» Dataset records:

● ● ● ● ● ● ●

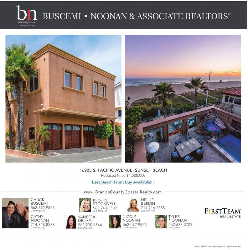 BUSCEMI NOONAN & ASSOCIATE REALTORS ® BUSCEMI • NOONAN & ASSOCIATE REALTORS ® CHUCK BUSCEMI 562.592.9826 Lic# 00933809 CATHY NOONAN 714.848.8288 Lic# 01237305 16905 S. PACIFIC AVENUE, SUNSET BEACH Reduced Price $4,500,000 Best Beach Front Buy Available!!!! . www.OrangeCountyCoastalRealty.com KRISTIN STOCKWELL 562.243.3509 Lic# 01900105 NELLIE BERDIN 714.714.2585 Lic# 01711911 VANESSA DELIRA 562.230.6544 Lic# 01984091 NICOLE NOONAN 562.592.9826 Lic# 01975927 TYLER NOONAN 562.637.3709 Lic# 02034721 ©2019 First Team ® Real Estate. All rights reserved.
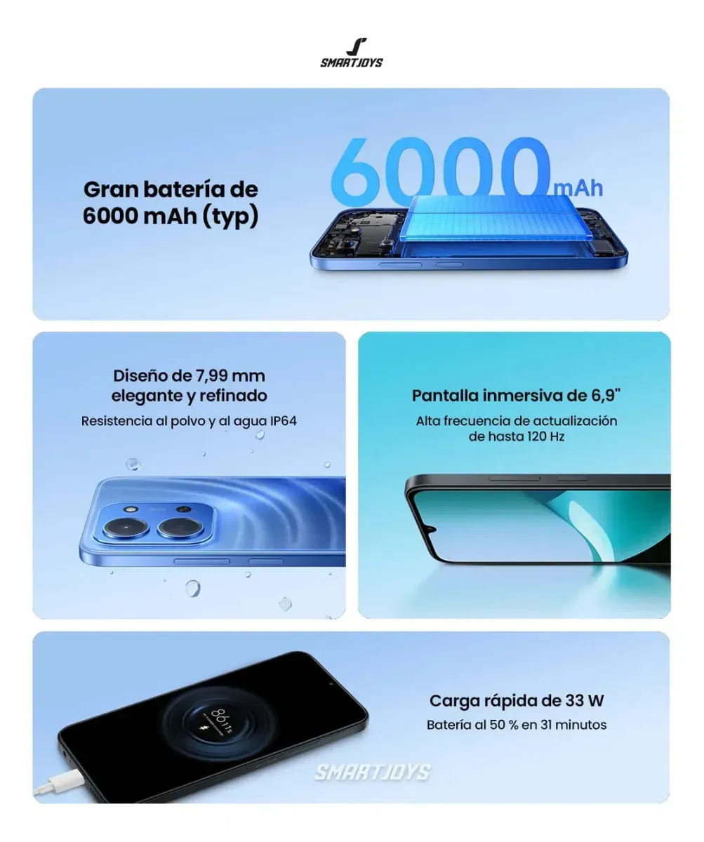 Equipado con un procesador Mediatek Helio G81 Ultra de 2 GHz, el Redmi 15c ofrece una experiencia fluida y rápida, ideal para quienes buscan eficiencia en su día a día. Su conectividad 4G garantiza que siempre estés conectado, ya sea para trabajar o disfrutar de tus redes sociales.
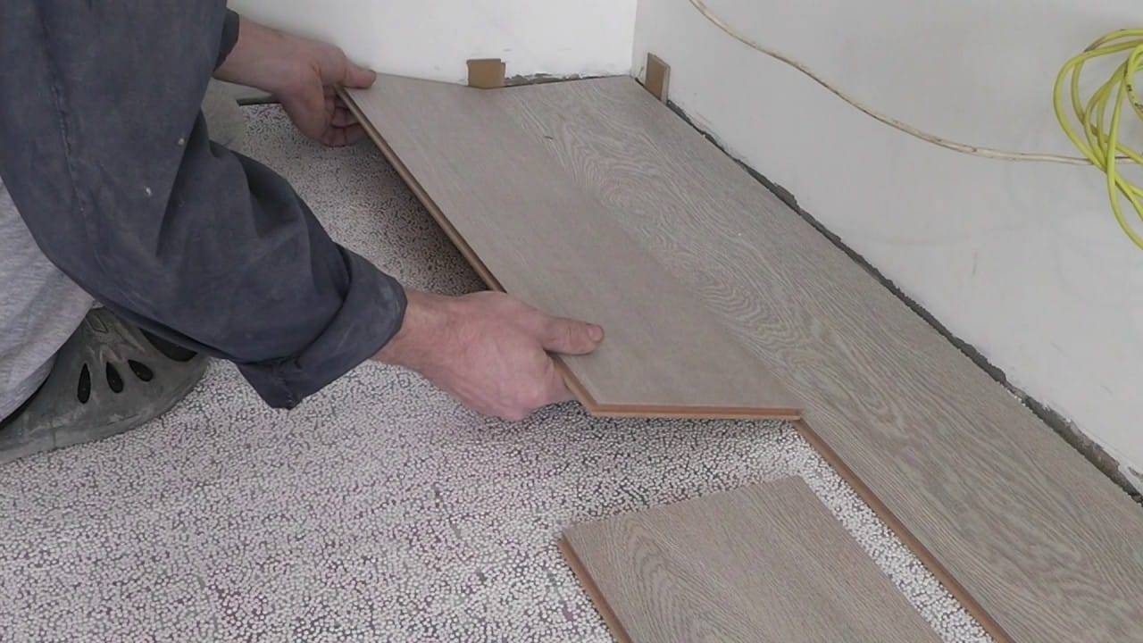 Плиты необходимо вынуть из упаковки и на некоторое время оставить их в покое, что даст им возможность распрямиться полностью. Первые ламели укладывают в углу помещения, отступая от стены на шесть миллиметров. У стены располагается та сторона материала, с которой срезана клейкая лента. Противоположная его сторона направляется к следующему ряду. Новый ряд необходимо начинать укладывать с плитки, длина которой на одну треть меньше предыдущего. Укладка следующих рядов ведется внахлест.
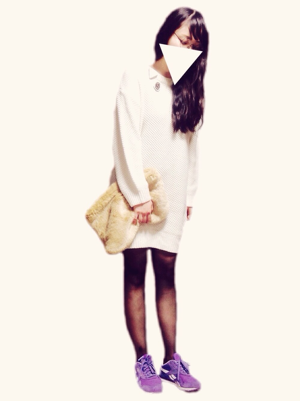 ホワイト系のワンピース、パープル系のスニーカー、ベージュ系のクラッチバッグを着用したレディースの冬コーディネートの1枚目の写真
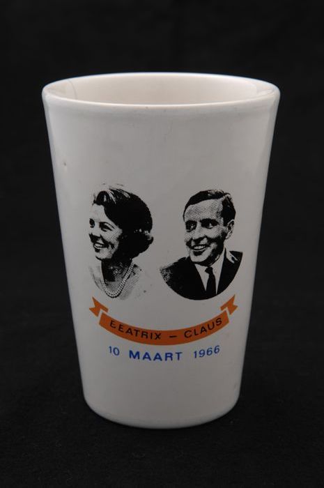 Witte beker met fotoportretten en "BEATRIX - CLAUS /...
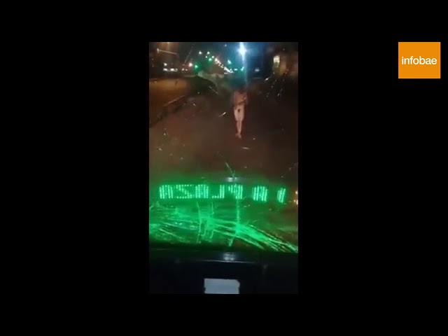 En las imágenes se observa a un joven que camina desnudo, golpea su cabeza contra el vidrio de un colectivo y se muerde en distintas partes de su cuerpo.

● ● ● ● ● ● ●

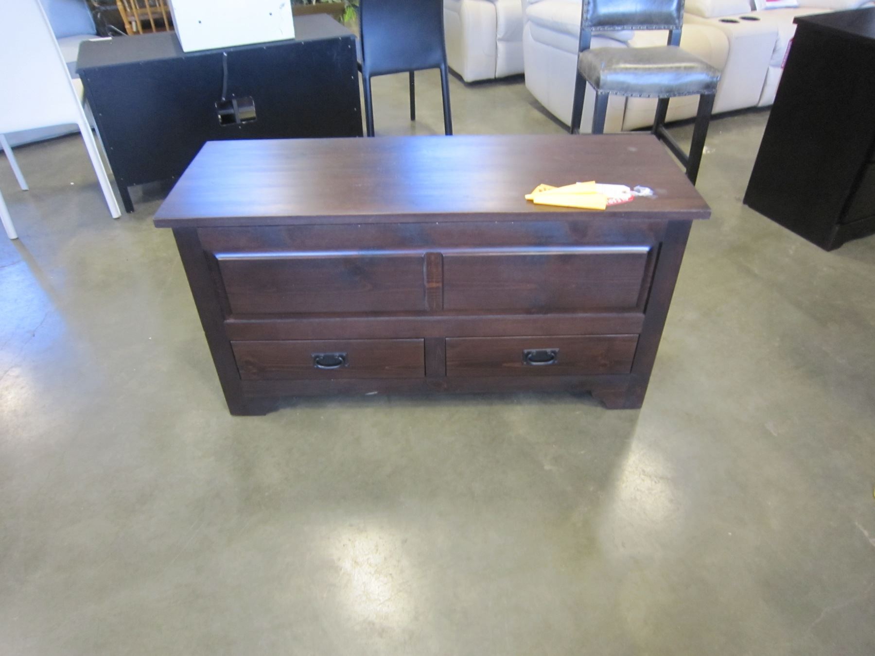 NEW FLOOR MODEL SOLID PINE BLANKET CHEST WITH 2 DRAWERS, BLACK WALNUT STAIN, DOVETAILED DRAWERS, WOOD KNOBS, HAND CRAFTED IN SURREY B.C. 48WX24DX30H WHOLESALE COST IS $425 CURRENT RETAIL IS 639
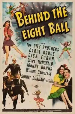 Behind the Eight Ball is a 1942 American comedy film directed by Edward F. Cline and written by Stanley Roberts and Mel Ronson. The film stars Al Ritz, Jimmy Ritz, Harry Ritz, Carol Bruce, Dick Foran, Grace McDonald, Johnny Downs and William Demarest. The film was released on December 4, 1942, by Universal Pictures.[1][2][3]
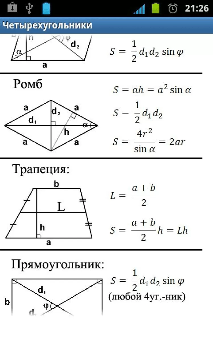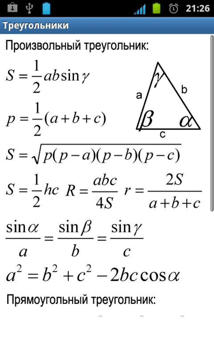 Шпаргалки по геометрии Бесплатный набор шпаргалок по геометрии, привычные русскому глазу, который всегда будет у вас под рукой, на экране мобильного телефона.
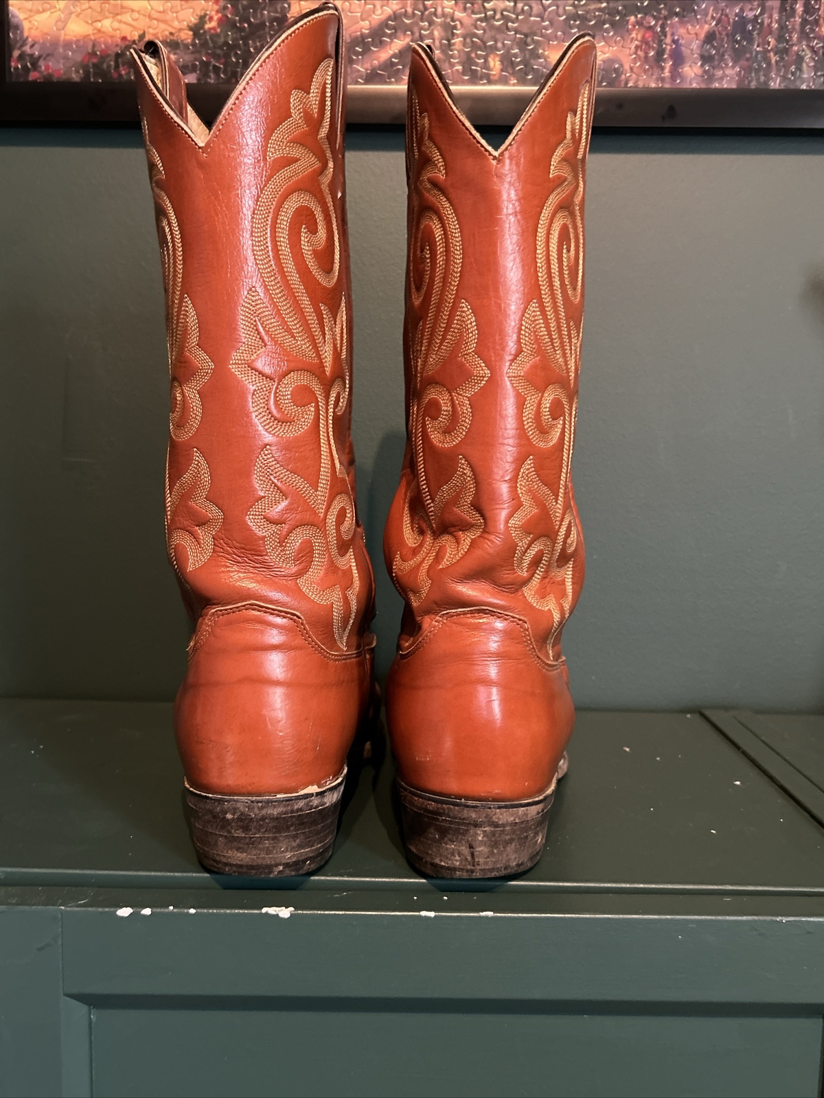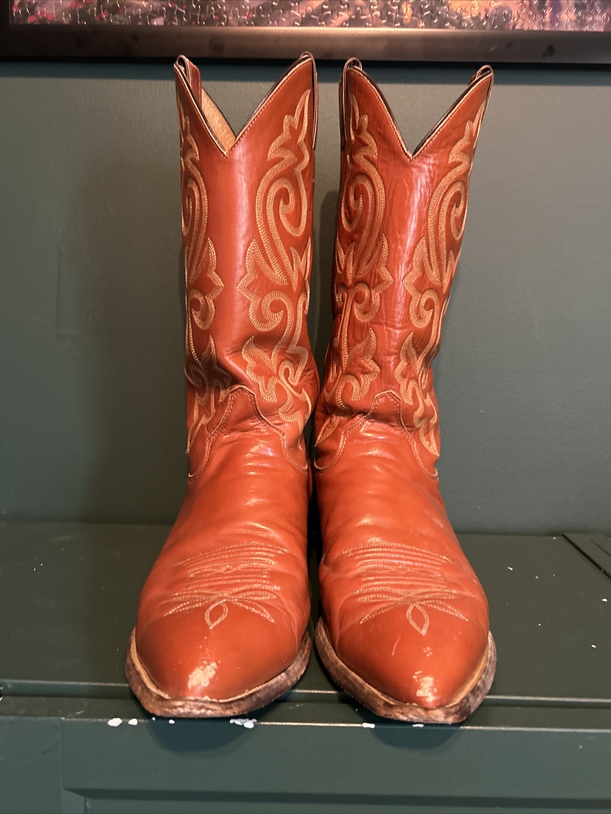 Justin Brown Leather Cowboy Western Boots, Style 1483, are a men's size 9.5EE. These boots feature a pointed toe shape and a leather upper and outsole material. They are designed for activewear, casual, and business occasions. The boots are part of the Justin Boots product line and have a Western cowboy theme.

● ● ● ● ● ● ●

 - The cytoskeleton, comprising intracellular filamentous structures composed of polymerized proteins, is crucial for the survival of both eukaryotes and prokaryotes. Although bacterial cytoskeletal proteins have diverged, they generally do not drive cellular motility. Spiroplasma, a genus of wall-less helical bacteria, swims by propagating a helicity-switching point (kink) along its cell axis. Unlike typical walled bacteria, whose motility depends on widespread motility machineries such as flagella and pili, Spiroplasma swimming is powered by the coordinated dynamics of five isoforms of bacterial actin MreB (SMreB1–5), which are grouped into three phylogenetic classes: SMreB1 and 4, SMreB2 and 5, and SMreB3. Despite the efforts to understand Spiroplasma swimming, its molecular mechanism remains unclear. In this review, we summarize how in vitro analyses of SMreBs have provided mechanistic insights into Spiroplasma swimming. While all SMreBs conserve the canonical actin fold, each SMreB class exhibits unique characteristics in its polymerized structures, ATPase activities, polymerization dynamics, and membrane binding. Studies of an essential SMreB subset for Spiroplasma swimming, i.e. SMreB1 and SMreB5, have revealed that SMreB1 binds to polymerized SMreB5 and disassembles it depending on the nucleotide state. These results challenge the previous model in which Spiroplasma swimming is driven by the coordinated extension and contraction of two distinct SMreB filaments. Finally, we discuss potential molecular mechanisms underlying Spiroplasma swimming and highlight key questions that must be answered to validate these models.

● ● ● ● ● ● ●

» Work item: Could you write out exactly the lines of the data above that run from the one holding "Witte beker met" to the one holding "En las imágenes", with both ends in and all pictures out?

» Exercise response:
 Witte beker met fotoportretten en "BEATRIX - CLAUS /...
 En las imágenes se observa a un joven que camina desnudo, golpea su cabeza contra el vidrio de un colectivo y se muerde en distintas partes de su cuerpo.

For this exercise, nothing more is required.